The problem comes from MIN_VALUE which baked in the denormal minimal value, instead of the minimal value depending on the execution context.
Trying to change MIN_VALUE as follows:
JS_PSG("MIN_VALUE", NumberMinValue, JSPROP_PERMANENT),
where NumberMinValue is defined as:
bool NumberMinValue(JSContext* cx, unsigned argc, Value* vp) {
CallArgs args = CallArgsFromVp(argc, vp);
args.rval().setDouble(MinNumberValue<double>());
return true;
}
causes the failure of test262/built-ins/Object/getOwnPropertyDescriptor/15.2.3.3-4-197.js
Even when denormals are not disabled. I do not know to which extend this we can violate the ECMAScript spec in these conditions…

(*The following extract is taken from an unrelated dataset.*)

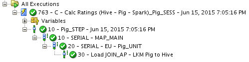 マッピングの物理ビューに切り替えます。変換ではPigを使用し、ソースとターゲットはHive Catalogメタデータを使用して定義されているため、ソース、ステージング(Pig)、ターゲット・データ・ストアは別々の実行単位で表示されます。

However, fixing MIN_VALUE to actually be a valid double value does not seems to fix the crash on WebAssembly entry…
| Assignee | ||
Comment 10•7 months ago
•
|
||
(In reply to Nicolas B. Pierron [:nbp] from comment #9)
However, fixing MIN_VALUE to actually be a valid double value does not seems to fix the crash on WebAssembly entry…

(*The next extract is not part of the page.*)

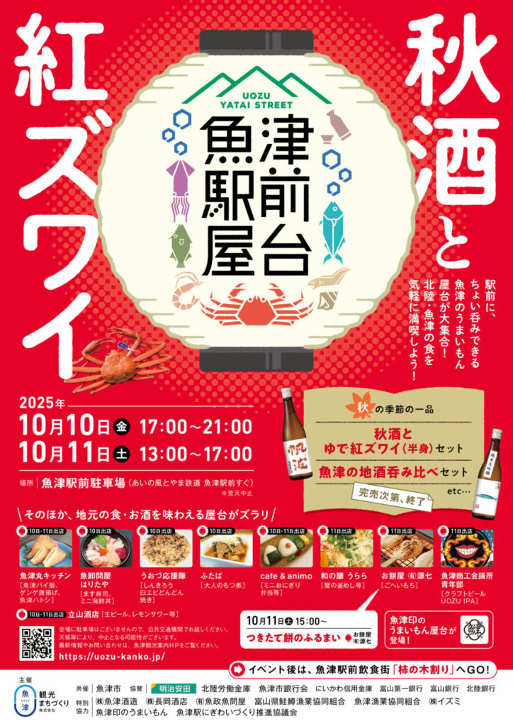 魚津駅前屋台「秋酒と紅ズワイ」 10/10(金)、10/11(土)

This does fix the issue … the problems are that:
- std::numeric_limits<double>::denorm_min() does not seems to work as described and only returns the denormal value.

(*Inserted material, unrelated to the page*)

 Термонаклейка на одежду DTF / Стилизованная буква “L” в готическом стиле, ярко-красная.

- Optimizing compilers are elide conditions which are comparing
denorm_minagainst zero as false, despite being an unknown fact at runtime.
| Assignee | ||
Comment 11•7 months ago
|
||
Comment 12•7 months ago
|
||
(In reply to Nicolas B. Pierron [:nbp] from comment #6)
Paul, do you see any issue with changing
MinNumberValueto reflect the disabled denormals?
I don't, but that doesn't mean much.
Comment 13•7 months ago
|
||
This bug prevents fuzzing from making progress; however, it has low severity. It is important for fuzz blocker bugs to be addressed in a timely manner (see here why?).
:nbp, could you consider increasing the severity?
For more information, please visit BugBot documentation.
| Assignee | ||
Comment 14•7 months ago
|
||
I do not understand this code … The input value is 0x8000000000000001, which should be interpreted to -0 when denormals are disabled.
Arm64 check if the double has to be boxed and and thus jump into CoerceInPlace_JitEntry, which check that this is a number and determine that there is nothing to be done, and thus does nothing, before hitting a break point because we failed to convertValueToWasmAnyRef.
x64 successfully convert the same value to an int32 value of 1. Which from my point of view is even more incorrect than the arm64 behavior.
I have a few questions which are preventing me to make progress as I do not understand what this code is supposed to do:
- Why
convertValueToWasmAnyRefandbranchValueConvertsToWasmAnyRefInlinefail when we have double inputs? I understand that we might be interested in coercing double to int32, but I do not understand why we fallback toCoerceInPlace_JitEntryor hit a breakpoint if we cannot give a double input. Are double inputs supposed to be handled elsewhere? - Why
AnyRefgoes through all these checks? IfAnyRefis supposed to represent any JS::Value, shouldn't this be a no-op?
Comment 15•7 months ago
|
||
(In reply to Nicolas B. Pierron [:nbp] from comment #14)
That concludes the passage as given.